I've live-watched the memory increasing using:
while [ 0 ]; do kubectl get --raw /apis/metrics.k8s.io/v1beta1/pods | jq -r '.items[] | select(.metadata.labels.name == "strimzi-cluster-operator") | {timestamp, "name": .containers[0].name, "memory": .containers[0].usage.memory} | join("\t")'; sleep 10; done
and it really is slowly but yet constantly increasing and eventually it showed 390724Ki
just before getting killed.
The new instance (re-)starts at 142940Ki
.
I've just "wildly" raised the memory limit in my deployment and will watch its behavior
I am seeing exactly the same issue on strimzi 0.29. The operator is restarting every few minutes. After bumping memory to 1 Gi
and looking at memory graph it looks like there is some memory leak, as the memory is slowly increasing and after 30-45 mins the pod restarts.
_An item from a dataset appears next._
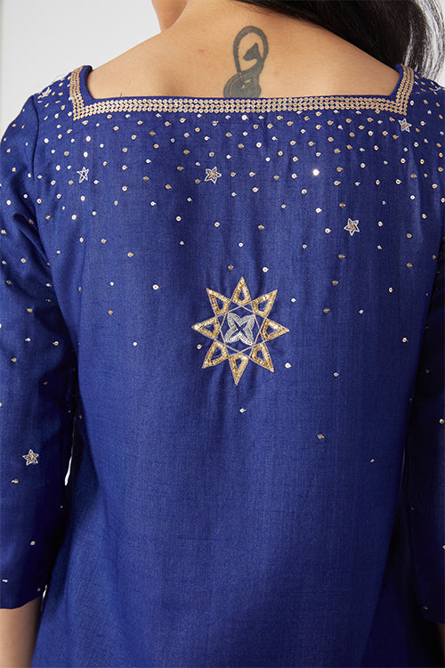 A beautiful amalgamation of a dark slate blue and neon fuchsia is here in the form of this radiating three-piece ensemble to sway you away with its beauty. The inspiration, moon, stars and asteroids, are intricately and heavily embroidered with Kasab, Sabka and Sequins on the front and back of the kurta with different kinds of work on both the sleeves, on a silk blend fabric. The neckline is uniquely cut into a square with a minute U-cut in the middle for you to have enough space to show off your neck. What's more, is that you would not have to carry a bag along with this set because it comes with two spacious pockets for you to enjoy the freedom of socialising empty-handed.

@doriath So do you see any OOM issues or not?
You are mixing what are possibly unrelated issues here. So it is quite hard to separate it. If you see OOM issues, you should:
Increasing the memory on its own is not always the solution. if you give it more memory, it uses more memory. You might need to tune the JVM settings instead.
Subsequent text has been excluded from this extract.